The N pieces of trajectory information may be respective continuous position coordinates of the N vehicles in the target time period.
In one possible implementation manner of the present disclosure, each track information may include a plurality of data pair sequences, where each data pair includes a coordinate point and a time.
For example, for the vehicle a, the trajectory information may be a { (x)1,y1,t1),(x2,y2,t2),(x3,y3,t3),……,(xn,yn,tn)}. Wherein (x)n,yn) For vehicle A at tnCoordinate point of time, t1, t2……,tnAnd respectively corresponding to the positioning time of each coordinate point.
It is understood that when the position coordinates of a vehicle do not change for a certain period of time, it can indicate that the vehicle is always parked. Alternatively, when the position coordinates of a vehicle change little within a certain period of time, it may indicate that the traveling speed of the vehicle is slow.
In a possible implementation manner of the present disclosure, the congestion status description information corresponding to the road segment to be detected in the target time period may be determined according to the matching degree between the coordinate points in each adjacent data pair in each track information.
For example, for the track information of each vehicle, the difference value of each adjacent coordinate point may be calculated, and the difference value of each adjacent coordinate point may be used as the congestion state description information corresponding to the vehicle.
The difference between adjacent coordinate points may be calculated only by the difference between x coordinates or the difference between y coordinates, or may be calculated by the sum of the square of the difference between x coordinates and the square of the difference between y coordinates, which is not limited in this disclosure.
It can be understood that if the position coordinates of some vehicles do not change in the target time period of the road segment to be detected, and the position coordinates of other vehicles change normally in the same time period, it can be shown that a traffic accident may occur in the road segment.
In a possible implementation manner of the present disclosure, the accident status description information corresponding to the road segment to be detected in the target time period may be determined according to the matching degree between the coordinate points in each piece of track information corresponding to the same time.

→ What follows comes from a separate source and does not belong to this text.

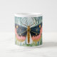 Eine zarte rosa und braune Motte vor dem Hintergrund eines blauen und grünen geheimnisvollen Waldes.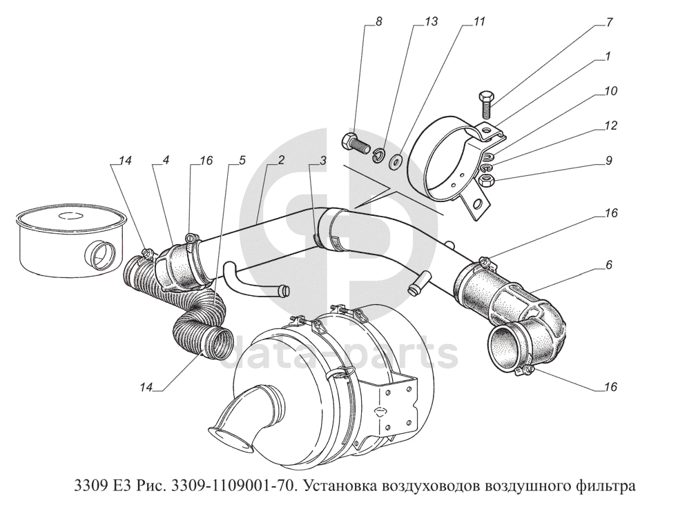 3309-1109001-70. Установка воздуховодов воздушного фильтра ГАЗ-3309 (доп. с дв. ЗМЗ Е 3)

For example, the difference between the coordinate points of each piece of trajectory information at the same time is calculated according to the trajectory information of N vehicles, and the difference between the coordinate points at the same time is used as the accident state description information corresponding to the time.
The difference between adjacent coordinate points may be calculated only by the difference between x coordinates or the difference between y coordinates, or may be calculated by the sum of the square of the difference between x coordinates and the square of the difference between y coordinates, which is not limited in this disclosure.
It should be noted that the above examples are only illustrative, and should not be taken as a limitation on the traffic status description information in the embodiments of the present disclosure.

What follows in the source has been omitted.